The check method is very much like the receive method, but it is called on schedule (set by the user) and has no message to process. Everything else is exactly like in the receive method. It can be used when you want your agent to periodically perform some task. For example, to check an email Inbox and emit the number of unread messages.

⚠️ Agents in ActiveWorkflow are state-full entities, but your agent implementation (the receive and check methods) should be completely state-less. All the necessary “state” is passed in the parameters. Your agent implementation should not store any data, except in third party systems if that is the intended behaviour of the agent (i.e. an ElasticSearch agent may store messages in an ElasticSearch instance, but even then the URL to that instance should come from the parameters the agent receives). If you do any caching, please do so very carefully.

Check Request#

An example check request looks like the following:

{
"method": "check",
"params": {
"message": null,
"options": {
"option": "value"
},
"memory": {
"key": "value"
},
"credentials": [
{"name": "admin_email", "value": "admin@example.com"}
]
}
}
Check Response#

An example response to check looks like the following:

{
"result": {
"errors": [
"Something failed",
"Something else failed"
],
"logs": [
"Something happened",
"Something else happened"
],
"memory": {
"key": "new value"
},
"messages": [
{
"a": 5
},
{
"a": 6
}
]
}
}

Where:

  • errors: optional, an array of non-empty error strings if errors occurred during execution;

  • logs: optional, an array of non-empty strings to log, for debugging/info purposes;

  • memory: optional, new content of the memory for an agent, old memory content will be replaced with the new content;

  • messages: optional, an array of message payloads; each payload must be an object. In the example above there are two messages emitted.

Deployment#

The flexibility to implement remote agents using any technology stack also has a cost, which is having to deploy and run the agents. Each agent has to expose a single endpoint. ActiveWorkflow will not restart or interfere with your agents' process (or container) in any way. We suggest using a supervisor (e.g., systemd) of your choice, or functionality provided by docker and its orchestration solutions. In the near future we intend to provide some guidelines and examples for the most common deployment scenarios; please stay tuned.
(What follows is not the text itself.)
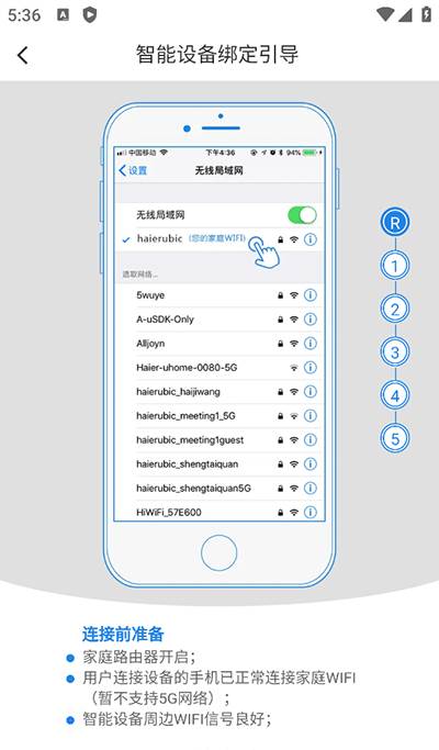(2)用户连接设备的手机已正常连接家庭WIFI(暂不支持5G网络)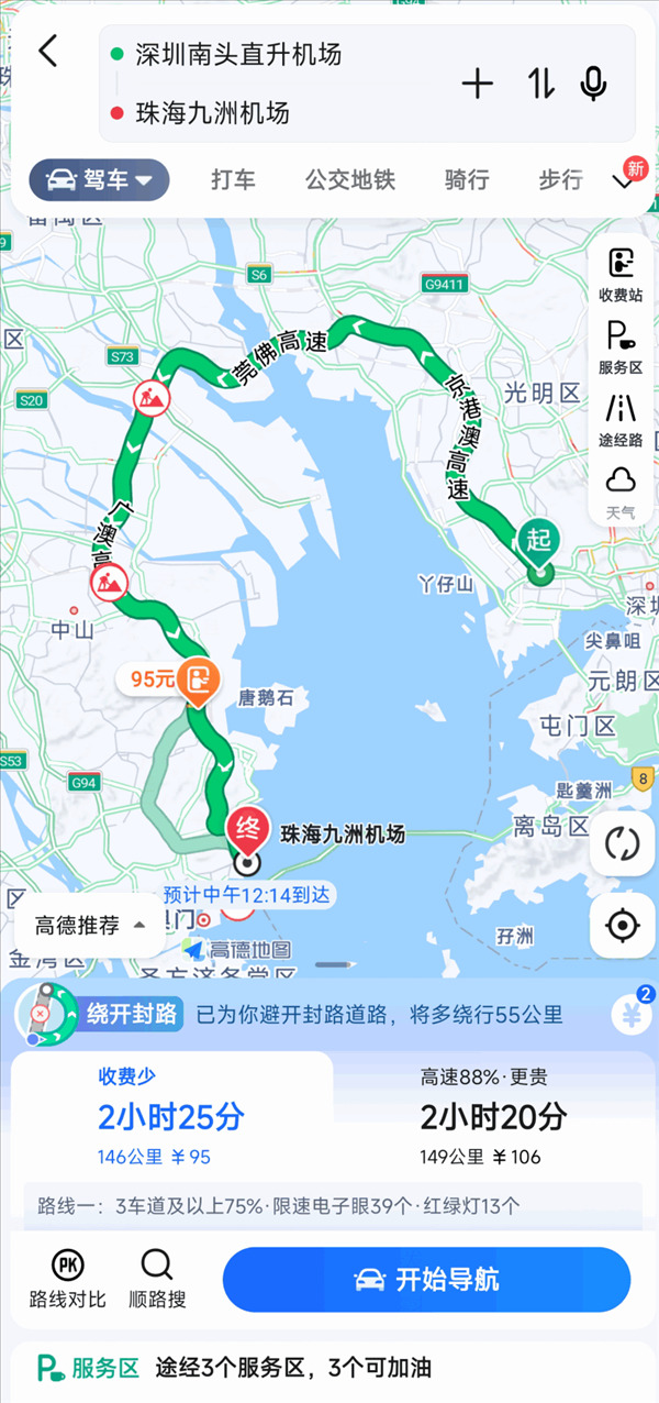 如果采用公路出行驾车方案,从深圳南头直升机场,到达珠海九洲机场,全程146公里,不堵车的情况下还要耗时2小时25分。

To inform ActiveWorkflow about an agent you have to set an environment variable pointing to the URL of the agent:

REMOTE_AGENT_URL=https://localhost:5000/agent_path

You can configure multiple agents by setting multiple environment variables with postfixed incremental numbering:

REMOTE_AGENT_URL_2=https://otherhost:80/another_agent

In development if you are using docker to run ActiveWorkflow, you will need to use the -e parameter to docker run to pass REMOTE_AGENT_URL through to ActiveWorkflow. The address in the URL will also have to be updated to match where the agent is running (127.0.0.1 is unlikely to be correct). Docker provides host.docker.internal for the host IP. Thus, you could run:

docker run -e REMOTE_AGENT_URL="http://host.docker.internal:5000/" -p 3000:3000 --rm automaticmode/active_workflow

⚠️ Currently there is no authorisation support when connecting to remote agents, please ensure URLs are not publicly accessible.

Example Agents#

Please see the Examples of Custom Agents page, which you will hopefully find useful as a reference or as a starting point for making your own agents.

Libraries#

We currently have two libraries that could help you to write your own agents in Ruby or Python. See ActiveWorkflow Agent Ruby and ActiveWorkflow Agent Python.